* **Material to process**

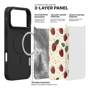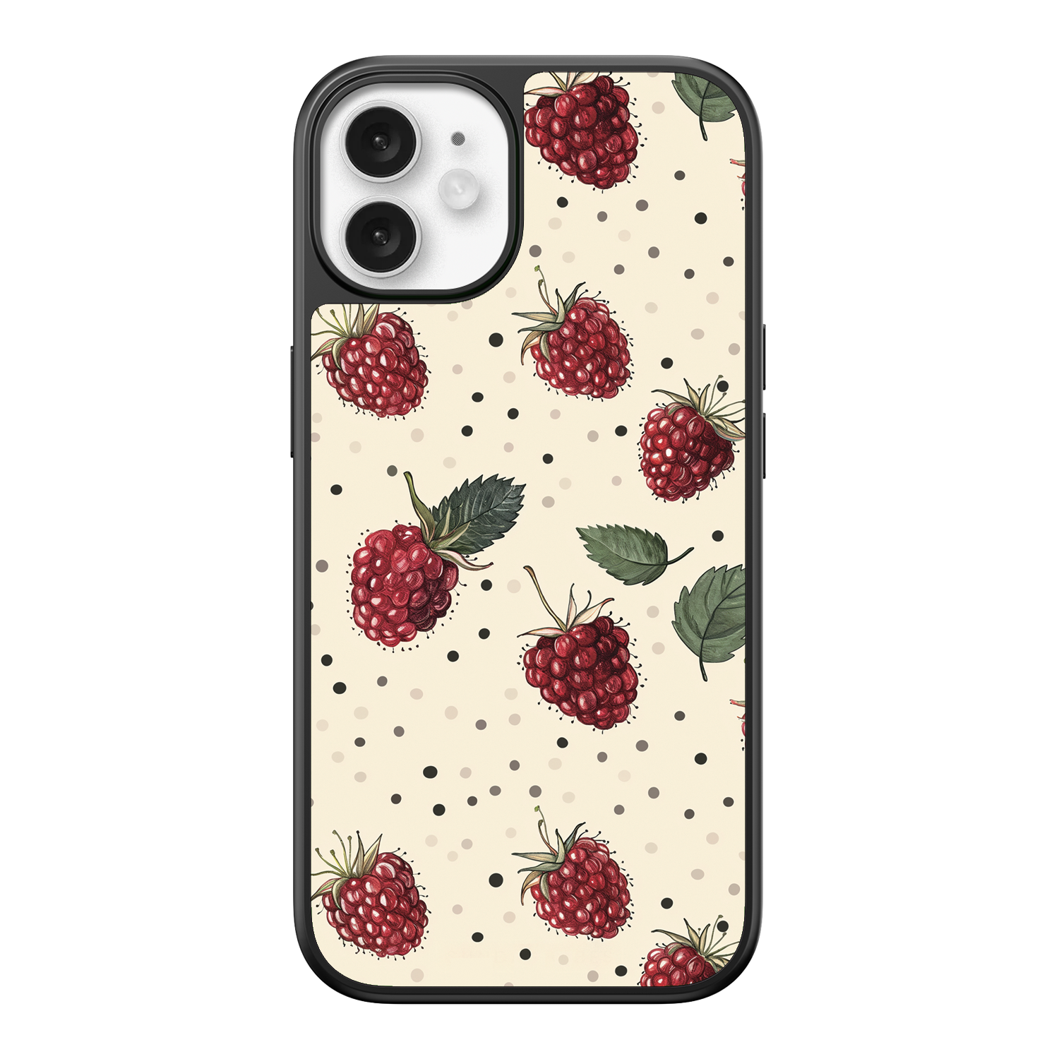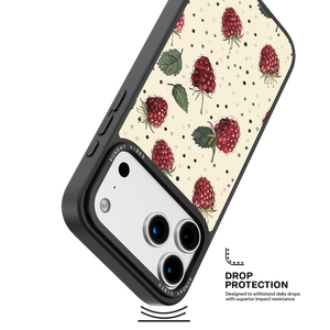 Adorn your device with the fresh, charming artistry of the Raspberry Delight iPhone Case. This delightful design features a detailed, hand-drawn pattern of ripe raspberries and green leaves set against a speckled, creamy background, evoking the sweet charm of a summer garden. This lovely artistic quality is preserved by the case's premium 3-layer back panel: a base layer for protection, a middle ultra HD gallery print layer, and a velvet smooth anti-scratch and anti-fingerprint top coating.
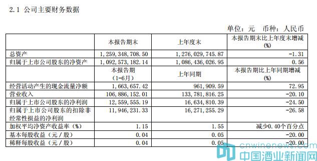 净利润下降24.5% 葡萄酒业务板块未做详细说明
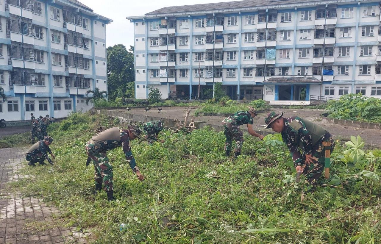 A. Personel Kodim 1310/Bitung melaksanakan pembersihan lingkungan dan revitalisasi ruang gedung Rusunawa Tangkoko di Kel Manembo-nembo Tengah Kec. Matuari Kota Bitung, untuk dijadikan Marshalling Area (MA) dalam rangka mendukung pembangunan Yon TP 916 Makawidey yang berlokasi di Kel. Makawidey Kec. Aertembaga Kota Bitung;
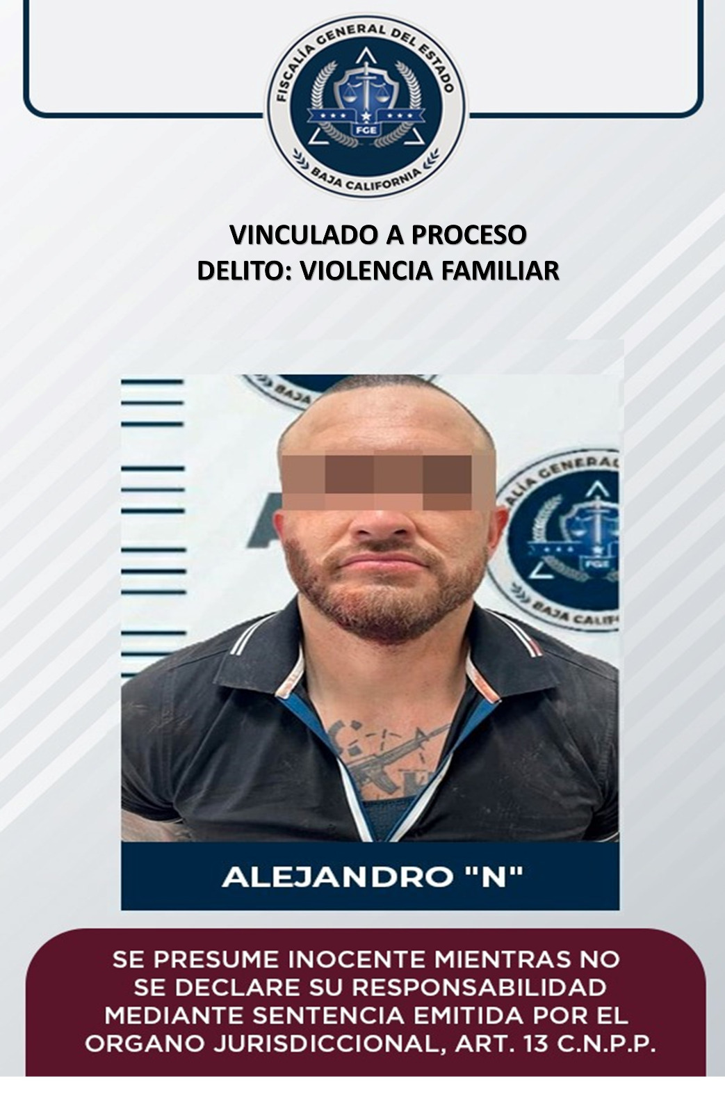 MEXICALI, B.C. 21 DE FEBRERO DE 2023.- La Fiscalía General del Estado (FGE) a través de la Fiscalía Especializada en Delitos Contra Mujeres por Razón de Género, logró que el Juez inicie proceso penal en contra de Alejandro "N” acusado por el delito de violencia familiar.
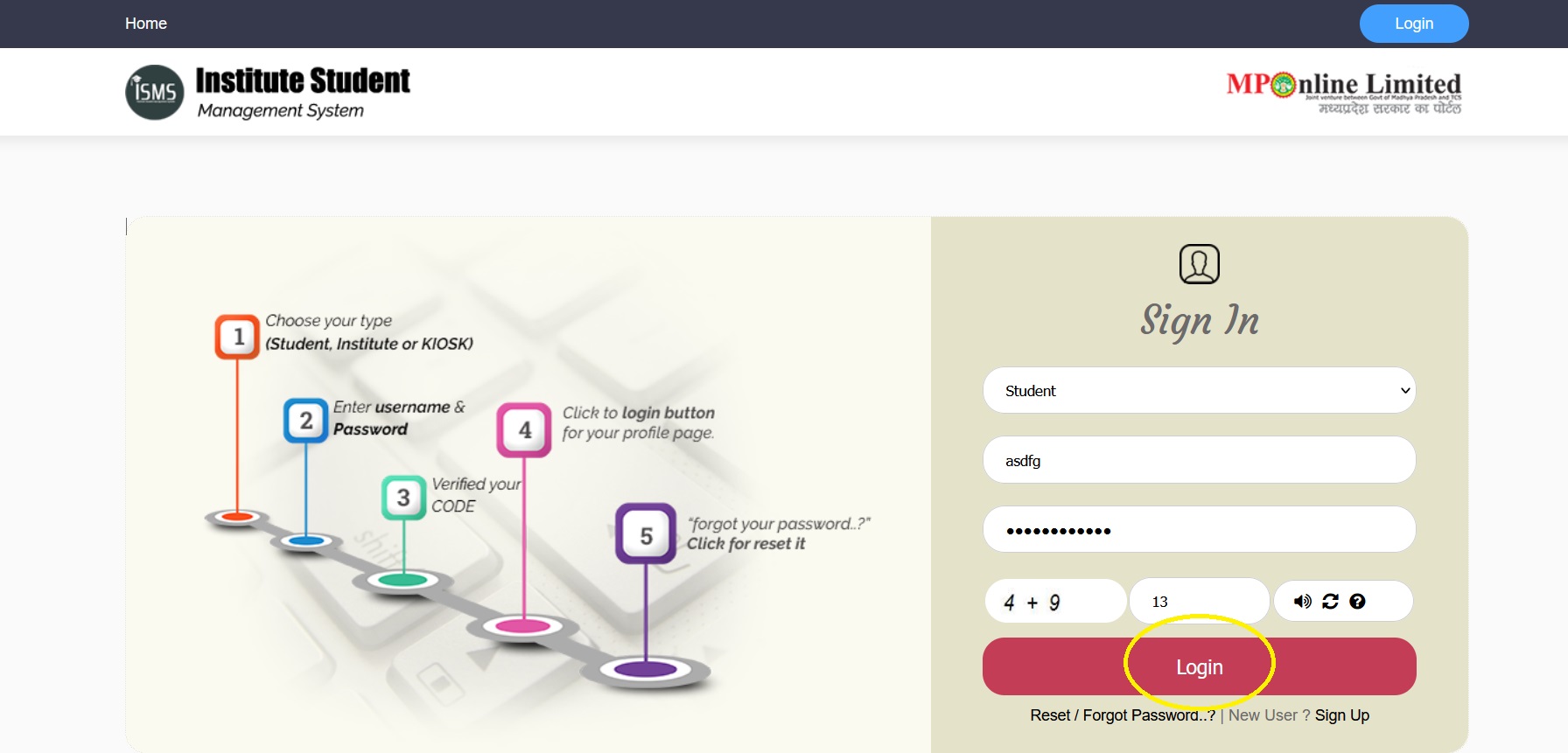 Step-1 : Go to the link https://isms.mponline.gov.in/Portal/frmLogin.aspx
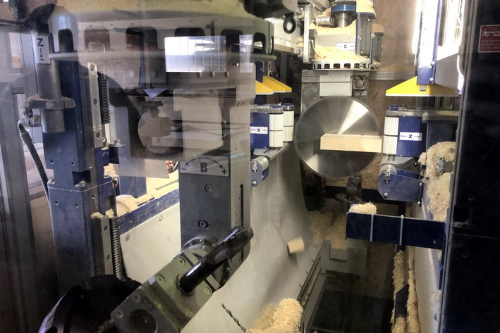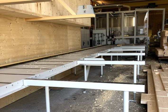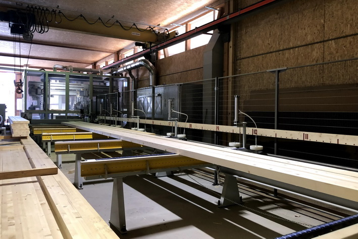 Die Daten der Projektleiter in Ostermundigen fliessen direkt an die CNC-Maschine im Schachen. Dort werden von der Krüsi die gewünschten Bauteile millimetergenau gefertigt. Vom einfachen Kappschnitt bis zu komplexen Konturen, ist fast alles möglich. Die Anlage ist mit total 5 Aggregaten und 13 fixen Werkzeugen ausgestattet. Das ermöglicht Werkstücke mit einem Querschnitt von 650 x 300 mm mit beliebigen Längen, allseitig, leistungsstark und präzise zu bearbeiten.

* **What this task involves**
Each line above should be output exactly, apart from the pictures.

* **Task solution**
 Adorn your device with the fresh, charming artistry of the Raspberry Delight iPhone Case. This delightful design features a detailed, hand-drawn pattern of ripe raspberries and green leaves set against a speckled, creamy background, evoking the sweet charm of a summer garden. This lovely artistic quality is preserved by the case's premium 3-layer back panel: a base layer for protection, a middle ultra HD gallery print layer, and a velvet smooth anti-scratch and anti-fingerprint top coating.
 净利润下降24.5% 葡萄酒业务板块未做详细说明
 A. Personel Kodim 1310/Bitung melaksanakan pembersihan lingkungan dan revitalisasi ruang gedung Rusunawa Tangkoko di Kel Manembo-nembo Tengah Kec. Matuari Kota Bitung, untuk dijadikan Marshalling Area (MA) dalam rangka mendukung pembangunan Yon TP 916 Makawidey yang berlokasi di Kel. Makawidey Kec. Aertembaga Kota Bitung;
 MEXICALI, B.C. 21 DE FEBRERO DE 2023.- La Fiscalía General del Estado (FGE) a través de la Fiscalía Especializada en Delitos Contra Mujeres por Razón de Género, logró que el Juez inicie proceso penal en contra de Alejandro "N” acusado por el delito de violencia familiar.
 Step-1 : Go to the link https://isms.mponline.gov.in/Portal/frmLogin.aspx
 Die Daten der Projektleiter in Ostermundigen fliessen direkt an die CNC-Maschine im Schachen. Dort werden von der Krüsi die gewünschten Bauteile millimetergenau gefertigt. Vom einfachen Kappschnitt bis zu komplexen Konturen, ist fast alles möglich. Die Anlage ist mit total 5 Aggregaten und 13 fixen Werkzeugen ausgestattet. Das ermöglicht Werkstücke mit einem Querschnitt von 650 x 300 mm mit beliebigen Längen, allseitig, leistungsstark und präzise zu bearbeiten.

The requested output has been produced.